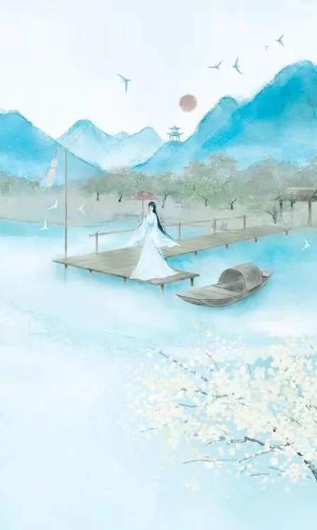 千枝万树桃梨开,漫天花雨与风随。春有约誓言定!鸳鸯紫雁款款来。少女江边会情侣,年年岁岁俩相爱。
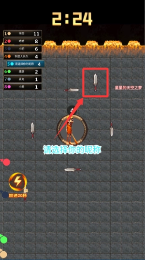 1、开局先控制角色快速拾取飞刀,提升初始战力,在前进过程中不断收集更多武器增强攻击力。
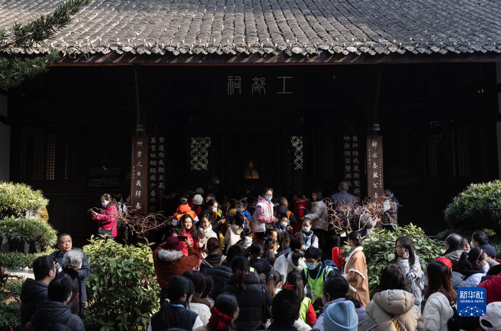 1月28日,游客在四川成都杜甫草堂游覽。
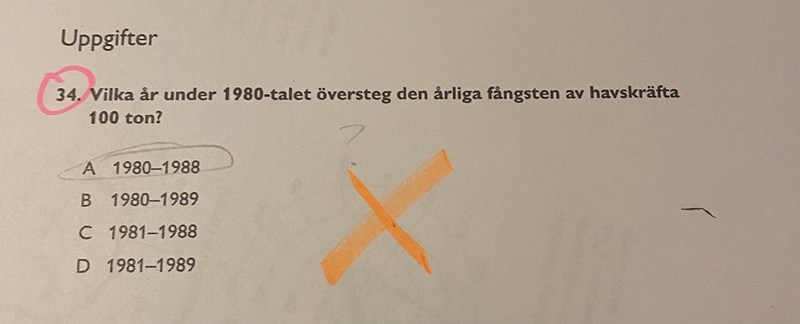 Hej! Jag förstår inte hur man ska tänka här? Jag tolkar det som att det är från år 1980-1988 (A) eftersom den specifika tidpunkten för när fångsten av havskräftor översteg 100 ton inföll ju mitt under året 1980 och därför bör man väl räkna från och med 1980. Samma sak med slutåret, tidpunkten för när fångsten av havskräfta understeg 100 ton inföll ju precis under år 1988 och inte på 1989. Om det är någon som förstår mig?
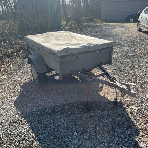 T 500 L 400 trailer i OK stand dæk lys lejer er ok ingen plade og ingen papir på den har fået den i bytte bund trænger til udskiftning mål 150 cm x 100cm
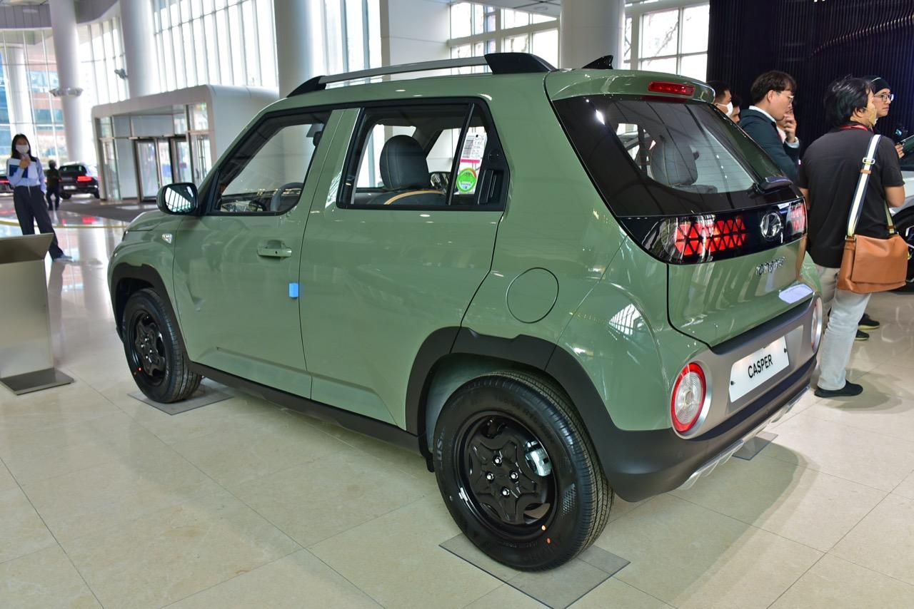 Casper วางจำหน่ายอย่างเป็นทางการเมื่อวันที่ 3 กุมภาพันธ์ พ.ศ.2565 การออกแบบสไตล์ iKONIC และข้อกำหนดด้านความปลอดภัยกับความสะดวกสบายที่มีอยู่นั้นไว้ใจได้ พื้นที่เก็บสัมภาระ เมื่อพับเบาะหลังจะมีความจุ 940 ลิตร การปั๊มขึ้นรูปโลหะด้วยความร้อน ซึ่งเป็นวิธีการประกอบแชสซีที่มีน้ำหนักเบา ถูกนำไปใช้กับพื้นที่หลัก เพื่อลดการเสียรูปของตัวถัง ในกรณีที่เกิดการชนกัน ความแข็งแกร่งในการต้านทานแรงบิดและค่าความต้านทานแรงดึงเฉลี่ยเพิ่มขึ้น ผ่านตัวถังน้ำหนักเบาที่มีความแข็งแรงสูง เป็นการออกแบบยุคใหม่ของค่ายกิมจิที่สวยงามน่าใช้เหมาะกับวัยรุ่นที่ชอบความแนวของยานพาหนะ

━━━━━━━━━━

▸ **Work to complete**
Produce an exact reproduction of the listing above, limited to the lines starting at the line with "1、开局先控制角色快速拾取飞" and ending at the line with "1月28日,游客在四川成都杜甫草堂游覽。", both kept, with every picture left out.

▸ **Output of the exercise**
 1、开局先控制角色快速拾取飞刀,提升初始战力,在前进过程中不断收集更多武器增强攻击力。
 1月28日,游客在四川成都杜甫草堂游覽。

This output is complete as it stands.